Hi guys,
I need some help designing this DB and constructing an SQL query for my problem. I feel like this may have already been answered, but I have searched the forums and didn't have any luck. So any help or pointers to previous posts would be greatly appreciated!
I'm trying to create a "filter by attributes" feature for an ecommerce site. A visitor first drills down into a particular category, then has the option to filter the product listings. Here's how my tables are setup:
Categories:
id, name
------------------
1, TVs
2, Cameras
UNIQUE INDEX ON id
Products:
id, category, name, bunch of other fields...
-------------------------------
10, 1, "Sharp LCD", ...
11, 1, "Sony LCD", ...
12, 1, "Samsung LCD", ...
13, 2, "Canon S500", ...
14, 2, "Nikon D60", ...
UNIQUE INDEX ON id
Attributes:
prod_id, cat_id, name, value
-------------------------------------
10, 1, "Size", "42\""
10, 1, "Color", "Black"
11, 1, "Size", "42\""
11, 1, "Color", "Silver"
12, 1, "Size", "50\""
12, 1, "Color", "Silver"
INDEX ON prod_id, INDEX ON cat_id
I have the first part figured out. If someone selects a 42", Silver TV, then I'm using inner joins on the attributes table to filter the products list. The speed of the query is fast so I'm relatively happy with that.
The problem I'm having is listing the unique attribute name/value pairs along with a count of all items. Something like this:
+ Size
- 42" (2)
- 50" (1)
+ Color
- Black (1)
- Silver (2)
Here's the query I'm using currently:
SELECT name, value, COUNT(*) AS num FROM attributes AS a1 WHERE a1.category = 1 GROUP BY name, value ORDER BY name ASC
For a small DB, this query runs fast, but my database has 40,000+ products, and on average 1000 products per category and 10 attributes per product. The speed of the above query is kinda slow (takes 3/10s of a second on a 2Ghz AMD Opetron processor if that gives you any reference... sorry I don't know how to properly benchmark or give a reference point).
The second problem I'm having is showing the above list once someone has already set one filter.
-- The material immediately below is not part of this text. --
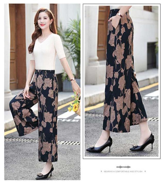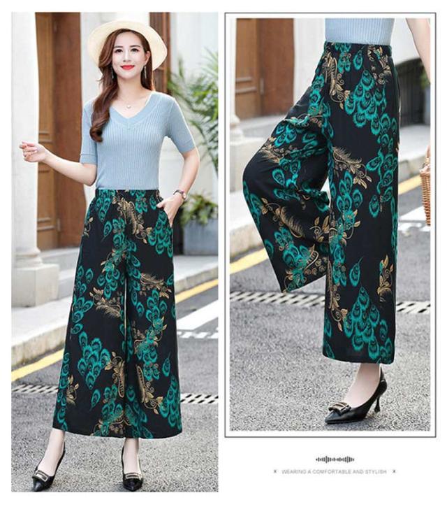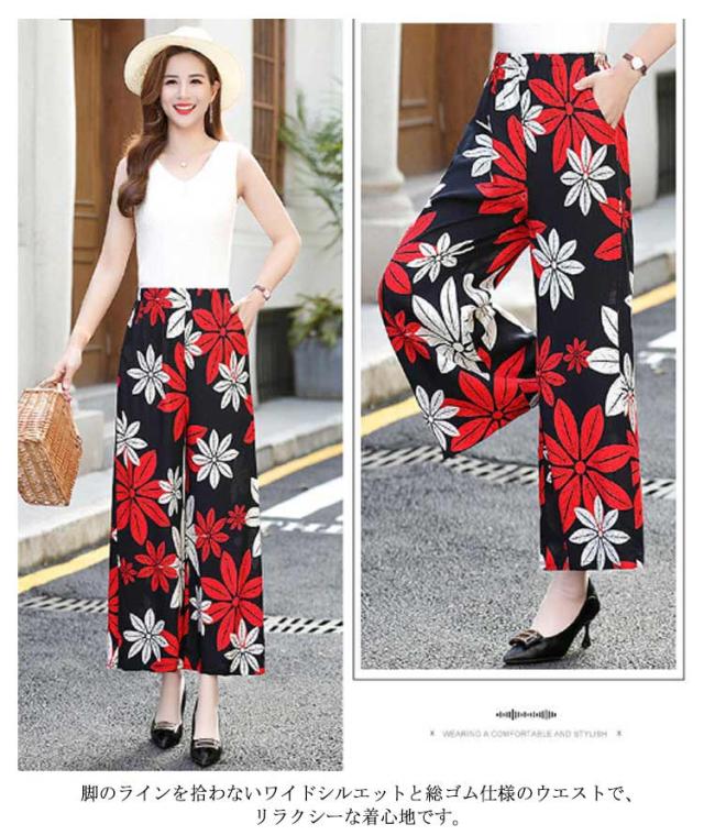 【送料無料】パンツ 全20色 ワイドパンツ ストレートパンツ 花柄 総柄 薄手 イージーパンツ 春夏秋 アンクル丈 レディース 派手 ゴムウエスト ハイウエスト 大きいサイズ 30代 40代 50代 60代 敬老の日 ママ

Say they've selected a Size, now it should list color as an attribute along with the counts for the resulting subset:
+ Size: 42"
+ Color:
- Silver (1)
- Black (1)
I'm not quite sure how to do this, but I'm thinking of adding a "WHERE prod_id IN (...)" clause to the above query, the "..." being replaced with the query that selects all products based on the previous filters.
I'm wondering if there is a better query, a better way to setup the tables, or a better way to setup the indices. The filter by attributes is a common feature you see in most ecommerce sites big and small, so I imagine they must be doing something different for it to work fast and serve many users at the same time. Any thoughts?
Thanks in advance for any help on this!
Sridhar